A Asad no le gustó que su tía se sintiera en la necesidad de defender su carácter y pensó que las mujeres no eran más que una molestia.
– Tienes que dar tu palabra de que serás un buen padre, de que cuidarás de ellas, de que las querrás y de que no las casarás con nadie de quien no estén enamoradas -continuó su tía.
– Seré un buen padre -dijo él-. Cuidaré de ellas y me encargaré de que las críen con todos los privilegios que merecen las hijas de un príncipe.
Kayleen frunció el ceño.
– Eso no es lo que he pedido -afirmó.
– Pero es lo que ofrezco.
Kayleen dudó.
– Debe prometer que no las condenará a un matrimonio de conveniencia.
Él asintió, molesto.
– Está bien. Podrán elegir a sus maridos.
– E irán a la universidad y no serán criadas.

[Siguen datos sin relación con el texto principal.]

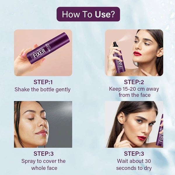 hake well before use to mix the ingredients. Hold 15-20 cm away from your face. Close your eyes and mouth, then spray evenly. Let it dry naturally for a long-lasting makeup hold.Reviews and Ratings

– Ya he dicho que serán mis hijas, señorita James. Está poniendo a prueba mi paciencia.
Kayleen lo miró y declaró:
– No le tengo miedo.
– Ya me había dado cuenta. En cualquier caso, recuerde que usted será la única responsable del bienestar de las niñas -dijo antes de girarse hacia su tía-. ¿Ya hemos terminado aquí, Lina?
Lina sonrió y sus ojos brillaron de un modo tan misterioso que Asad pensó que se traía algo entre manos.
– No estoy segura, sobrino. En cierta forma, creo que este asunto acaba de empezar.